The convoy left from the River, and it was very interesting because we were there all alone in our little ship. And then suddenly right on cue, all these ships came over the horizon. I was just amazed at the coordination.
We were in Avellino then, which is about sixty miles from Naples. Then we were rushed up - I think it was May - to the third attack on Cassino. This was a big experience in Cassino because we were thirteen kilometers from the monastery. We seemed to have been brought up there at the very last minute because it was a great big rush. Everybody was working, the officers as well. They were putting the beds together.
When we were getting ready the troops came by. They were on their way to battle. And we went down to the edge of the property to cheer them on.
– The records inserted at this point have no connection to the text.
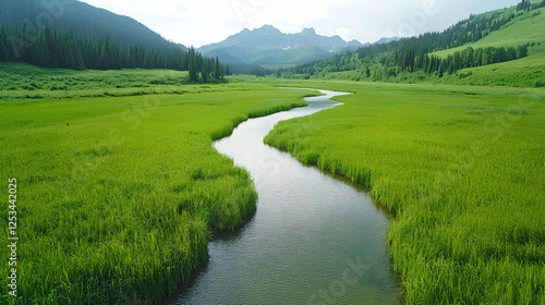 Serene river meandering through lush green valley (1)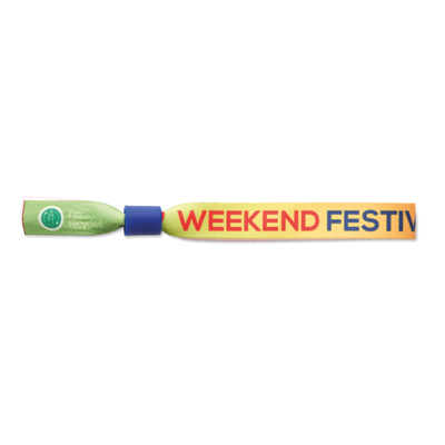 Plnobarevný náramek vyrobený ze 100% recyklovaného PET (RPET) s jednorázovým bezpečnostním uzávěrem.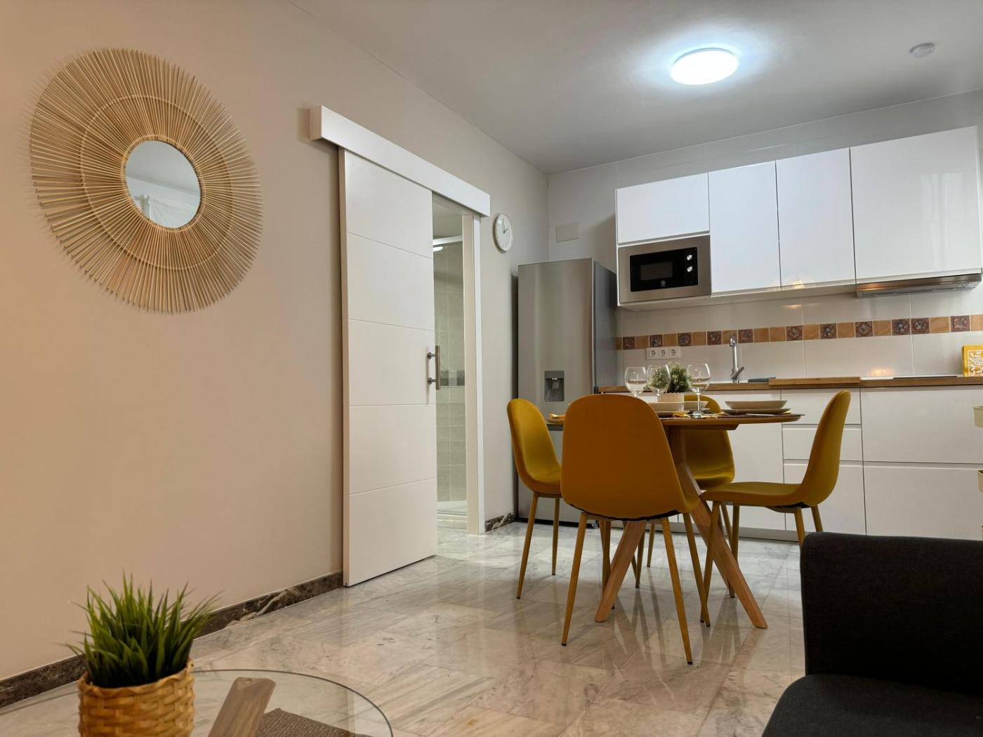 Apartamento de 1 dormitorio. This air-conditioned apartment comes with 1 living room, 1 separate bedroom and 1 bathroom with a shower. The kitchen features a refrigerator, a microwave and a toaster. The apartment features a coffee machine, a seating area, a dining area, a wardrobe, as well as a flat-screen TV. The unit has 2 beds.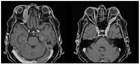Cranial MDCT examination on 7 January 2023, showed grade II/III right exophthalmos and pseudophakia in the right eye. An intraorbital, extraconal tissue mass was noted on the superointernal wall of the right orbit, measuring approximately 1.7 × 4.2 cm and displacing the medial portion of the right internal rectus muscle while contacting the middle portion of the right optic nerve. There was also a small area of discontinuity in the right lesser wing of the sphenoid bone, characterized as osteolytic, with an extraneural tissue component measuring approximately 0.7 × 1.2 cm located at the anterior floor of the middle cranial fossa. Grade II left exophthalmos was observed, with no changes in the left eye or retro-ocular fat. Minimal thickening of the left internal rectus muscle was noted in the anterior half, with a maximum diameter of approximately 5 mm, and the left lateral rectus muscle showed a posterior half-thickness of approximately 6 mm (Figure 9).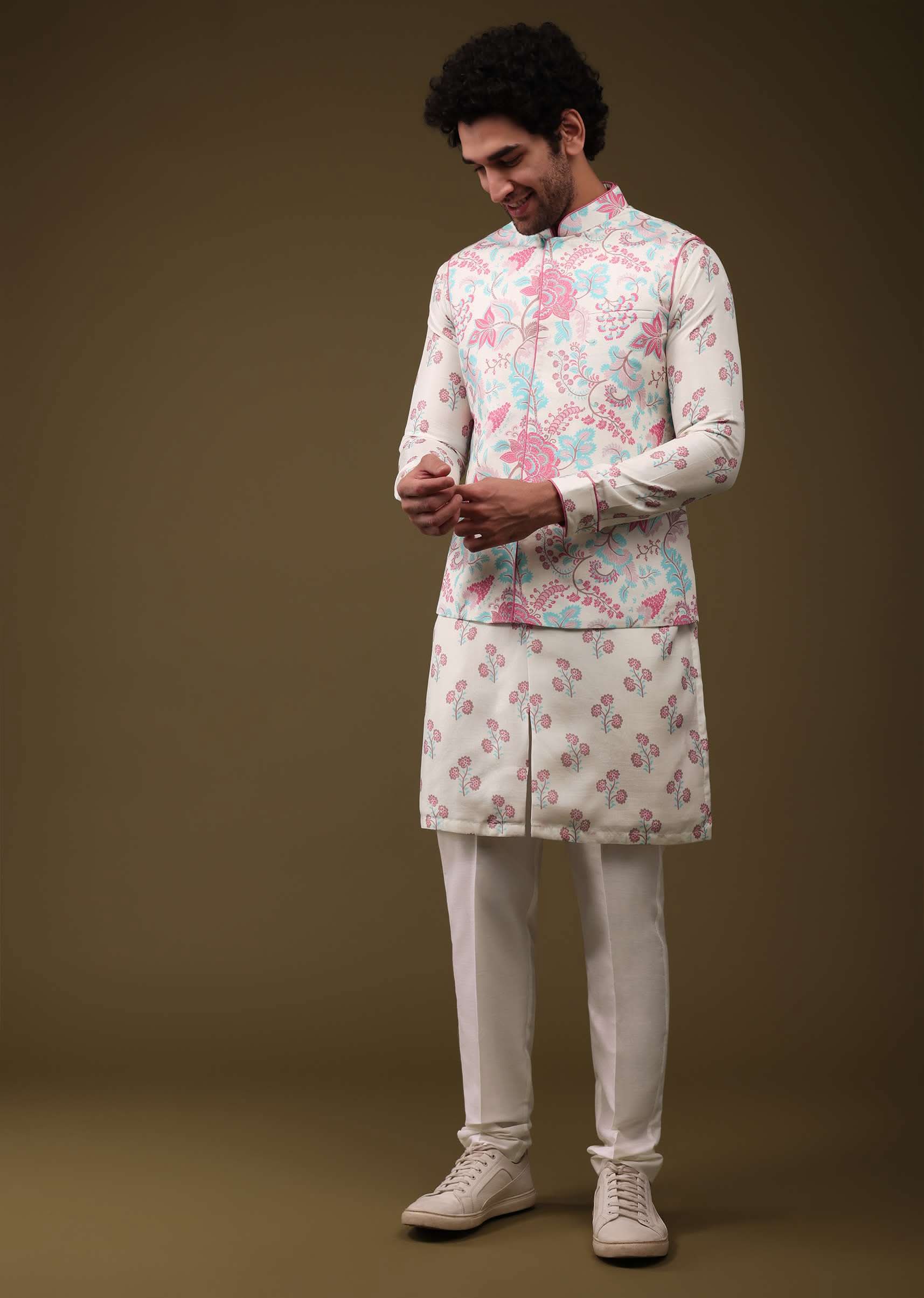 Multicolor Modern Floral Printed Jacket Kurta Set In Silk

One of the men got off the truck that he was on - he was very drunk - and he had a rose, which he came and gave me and I've never forgotten that. I don't know where he got the rose. It was such a desolate place where we were.
It's been some years now since I've been back to Cassino and up to the monastery, and it's perfectly restored. There's a special section for the Poles. There was a sign there that said, "We leave our bodies to Italy, our hearts to Poland, and our souls to God." I felt so... it touched me terribly.